Shares of iPhone maker Apple (NASDAQ:AAPL) have dropped 17% so far this year and the company has been seeing a variety of challenges recently.
Yesterday, Apple Cash faced issues with some users being unable to transfer funds. Foxconn, the company’s supplier in China, saw protests from workers yesterday. The protests were sparked by strict COVID-19 restrictions at its China plant and a delay in bonus payments.
In another development, the U.K.’s Competition and Markets Authority has launched an investigation into Apple, accusing it of dominating the mobile browser market.
At such a juncture, the TipRanks Risk Factors tool comes to the rescue, providing an in-depth look at potential risks a company may face.
Our data dive indicates a total of 29 risks for Apple stock (according to its latest third-quarter filings) with nearly half the contribution coming from the Legal & Regulatory and Ability to Sell risk categories.
As the COVID-19 pandemic continues to rage in China, Apple faces a key Macro & Political risk.
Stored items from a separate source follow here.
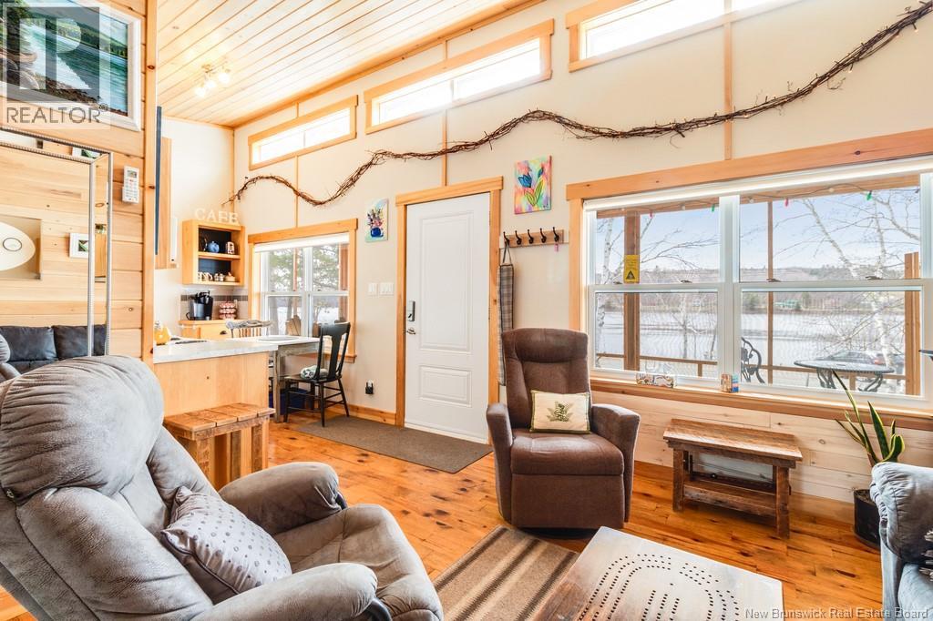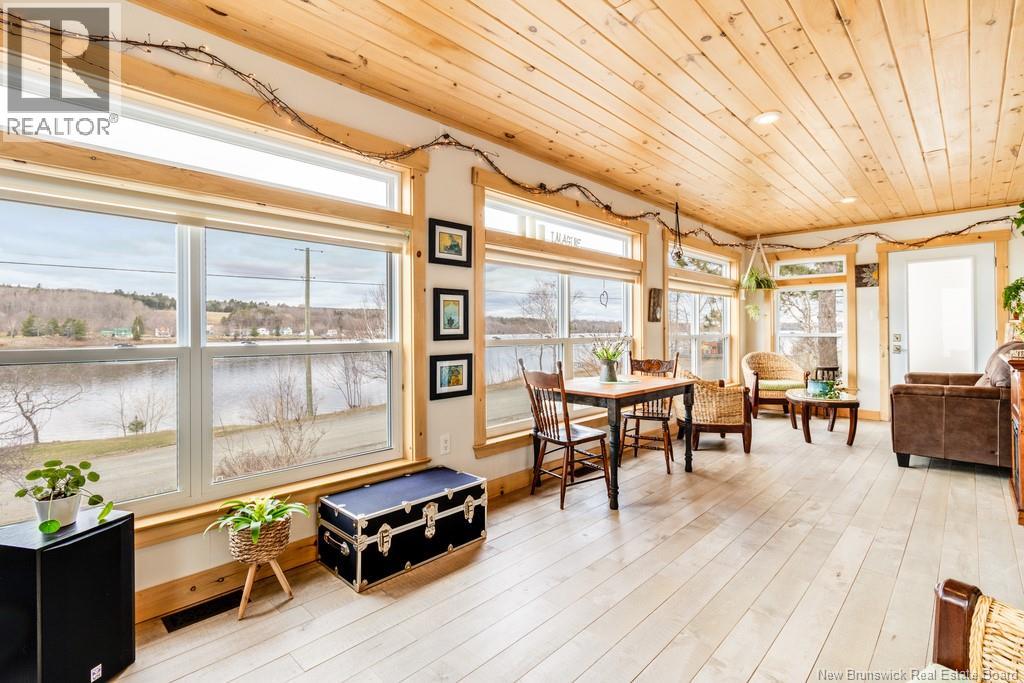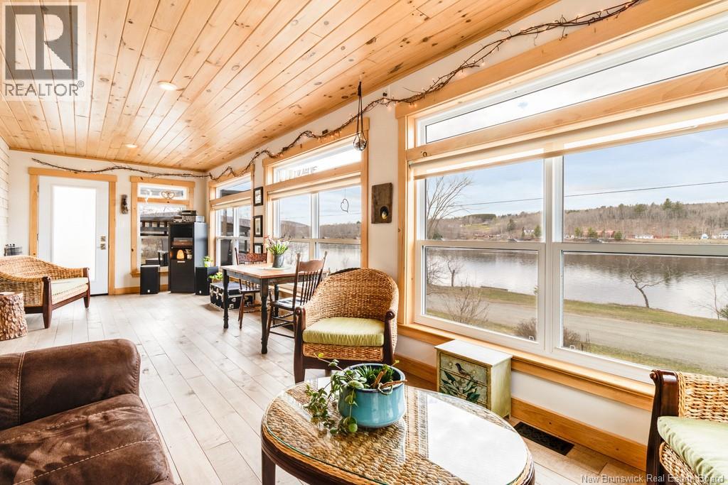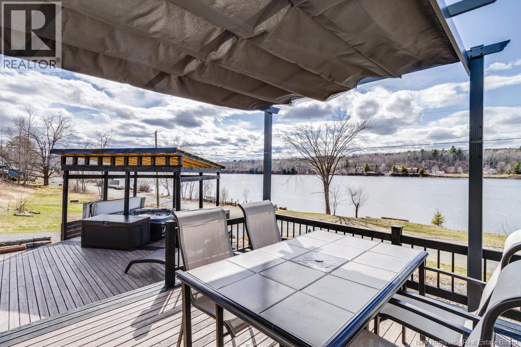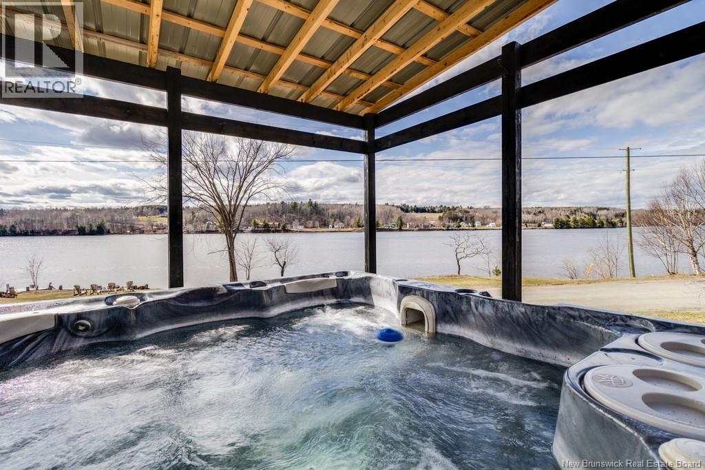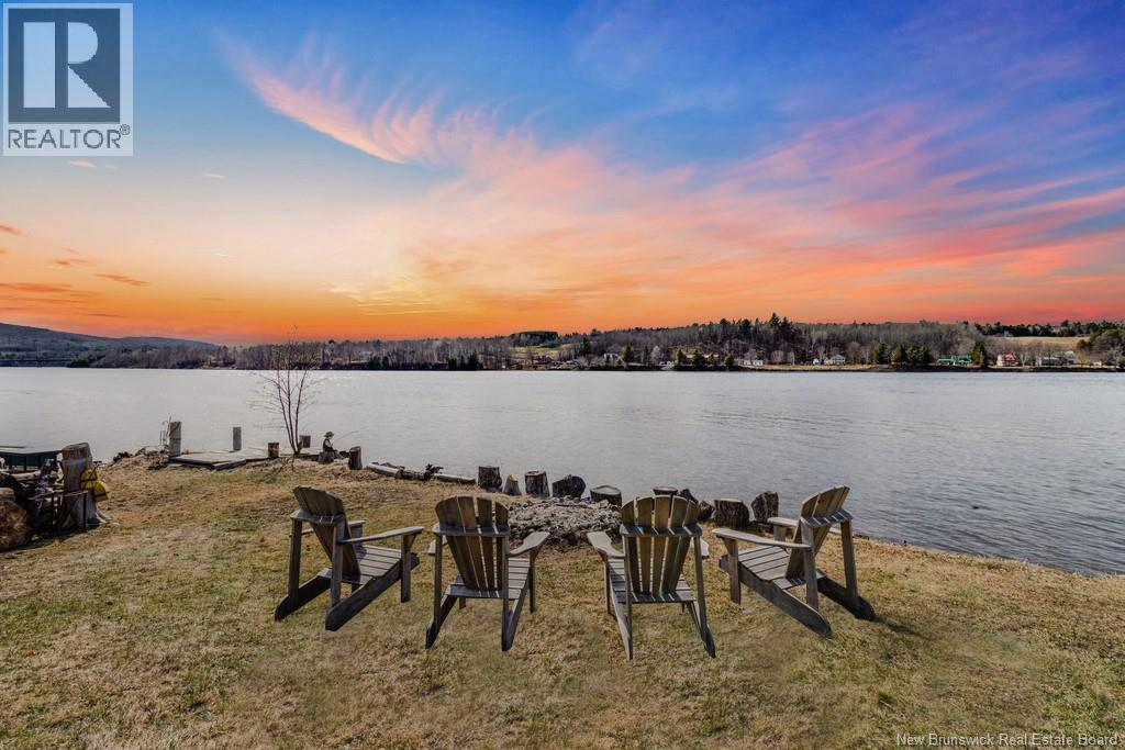 Welcome to your East Coast Dream Life. Enjoy Waterside Comfort, One Level Living with Spa Like Amenities & Income Potential. Perfect for Retirement, this 3 bedroom, 2 bath Custom Built Bungalow holds gorgeous sunsets over the Saint John River with nature's playground at your doorstep and the added bonus of a stand alone Luxury Cottage - 2 bedrooms a full bath with open concept kitchen & living area, a private hot tub, steam sauna, & outdoor shower. With combined 2500 sq ft of finished space both dwellings were built with timeless style & comfort in mind. The main home is Authentic Atlantic Shaker Style and centres around an open concept kitchen, living room with vaulted ceiling, exposed beam, cozy Pacific Energy Wood Stove, and hardwood floors throughout. The front of the home offers panoramic water views with access to multiple decks for dining, leisure and relaxation in a second covered hot tub. The kitchen has abundant storage with beautiful glass cabinetry, large centre island, walk-in pantry, & double farmhouse sink. The main bath is a real dream with heated floors, spacious barrier free tiled shower & double soaker bathtub. This property offers a lifestyle where you can relax using your own spa like amenities, launch your boat right from your front yard and never worry about flooding as it is located above the Mactaquac Dam & only 30 minutes from Capital City Fredericton. Vendors are related to the listing sales person who is licensed with the province of New Brunswick (id:34572)
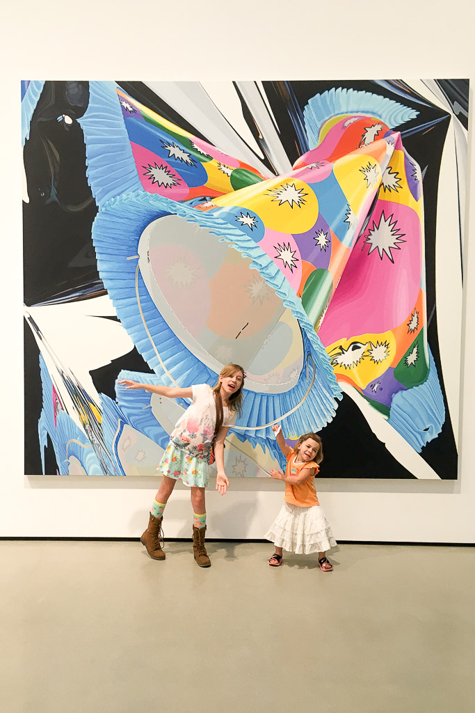 Most recently we explored the new contemporary art museum, The Broad. It’s located in downtown Los Angeles, and is home to over 2000 works of art. Although The Broad doesn’t have any art exhibits specifically designed for children, they did have an exhibit by Jeff Koons that quickly caught their attention. He is best known for creating sculpted objects cast in highly polished stainless steel. The primary example being Rabbit, 1986. His art is powerful with color and possesses qualities which quickly appeal to children.
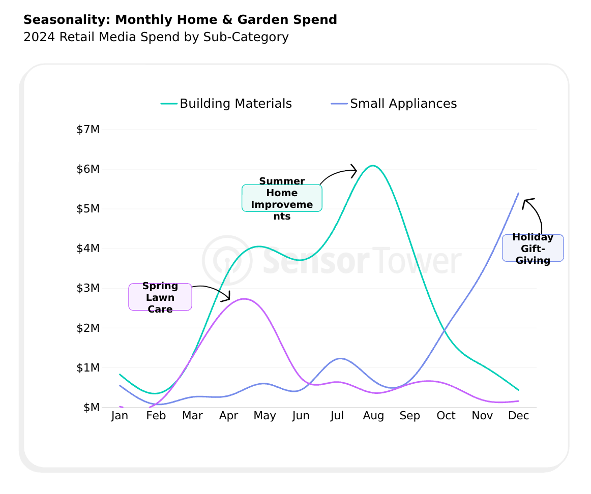 The Home and Garden sector, for example, heavily fluctuates based on seasonal events like spring lawn care and summer home improvements. To maximize impact, brands must consider the unique patterns for their category and make strategic decisions about when to compete and what it will take to make an impact.

The company has stated that its business, results of operations, financials as well as stock price have seen an adverse impact from the pandemic and could see a material impact in the future as well.
Moreover, it added, “During the course of the pandemic, certain of its component suppliers and manufacturing and logistical service providers have experienced disruptions, resulting in supply shortages that affected sales worldwide, and similar disruptions could occur in the future.”
Additionally, under a new risk in the Legal & Regulatory category, Apple has noted that meeting “Evolving and various stakeholder expectations and standards could result in legal and regulatory proceedings against the company and materially adversely affect its business, reputation, results of operations, financial condition, and stock price.”
AT present, compared to a sector average of 10.9% of risks stemming from Production, Apple faces higher risks at 17.2%.